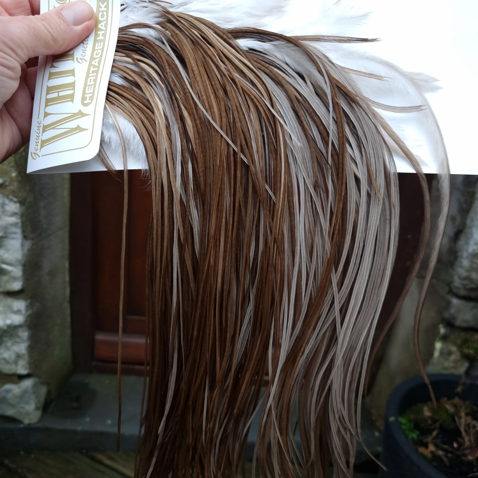 The Whiting Heritage Hackle Saddles are the colours of yesteryear from the days of Ted Hebert and Andy Miner and then the quality has been improved by Dr.Tom Whiting with his selective breeding program. The Heritage hackle is all about the most sought after hard to get colours like Speckled Badger, Speckled Duns and the Champagne range of colours and those very special Unique Variants that you only see once in a while!! Owning a Heritage Hackle Saddle is something to treasure as the colouration on most is unique with each saddle being very special in its own right.
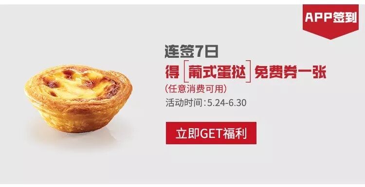 在APP上连续7天签到打卡免费得【葡式蛋挞】
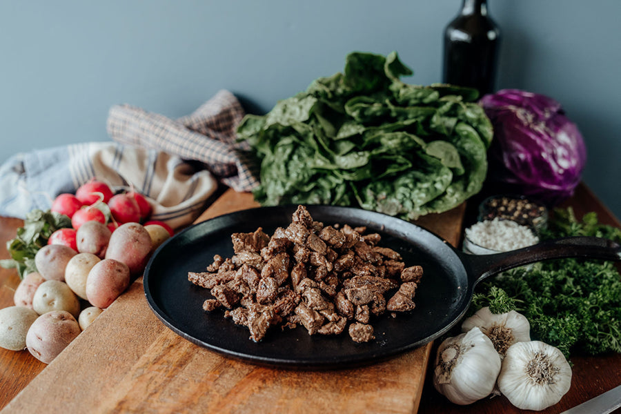 Each one pound package contains cubed stew meat pieces. These can be used in a number of bison dishes, or added to kabobs for your next barbecue!
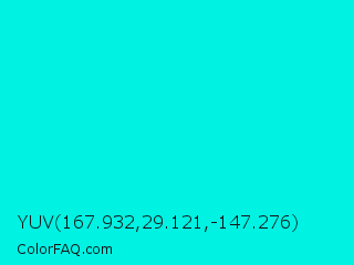 YUV 167.932,29.121,-147.276 Color is a normal cyan color and the nearest color is Bright Turquoise #08e8de. Hex code #00f2e3 and RGB value is rgb(0,242,227). In RGB color space, this color is composed of 0% red, 95% green, 89% blue, In CMYK color space, this color is composed of 100% cyan, 0% magenta, 6% yellow , 5% black , In HSL color space, this color has a hue angle of 176° , 100% saturation and 47% lightness.
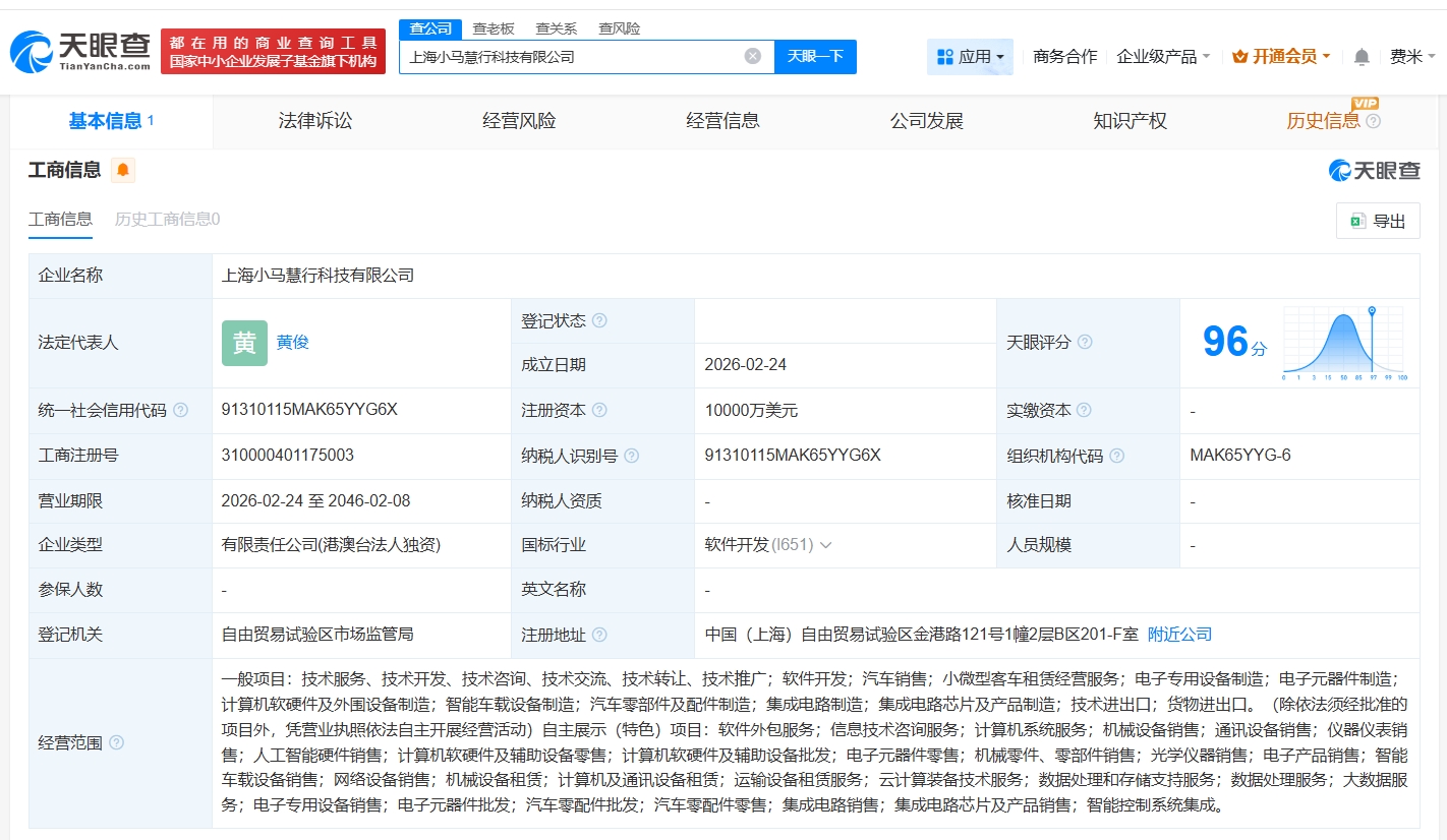 天眼查app显示,2月24日,上海小马慧行科技有限公司成立,法定代表人为黄俊,注册资本1亿美元,经营范围包括软件开发、汽车销售、小微型客车租赁经营服务等,由香港小马智行有限公司全资持股。
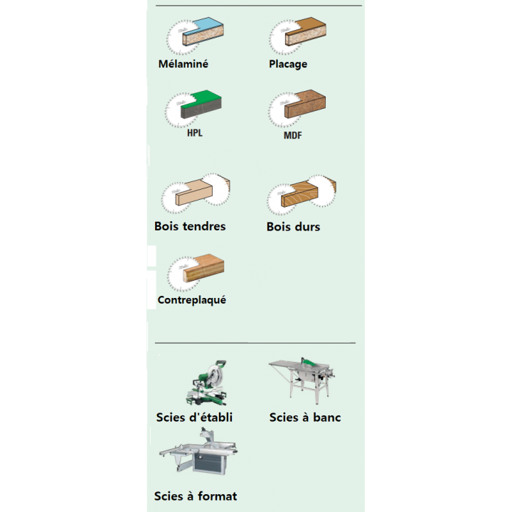 - lames pour scies circulaires denture diamant pour panneaux bilaminés
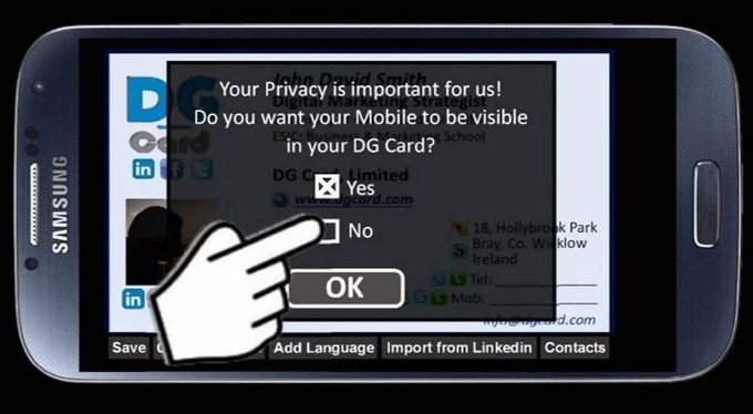 DG Card is a free app that is designed to allow one to create digital business cards with a personalized design exactly as one would do for a paper card.

_ _ _

Copy only the lines above from the one containing "在APP上连续7天签到打卡免费得【葡式蛋挞】" through the one containing "Each one pound", both included. Leave out the pictures.

 在APP上连续7天签到打卡免费得【葡式蛋挞】
 Each one pound package contains cubed stew meat pieces. These can be used in a number of bison dishes, or added to kabobs for your next barbecue!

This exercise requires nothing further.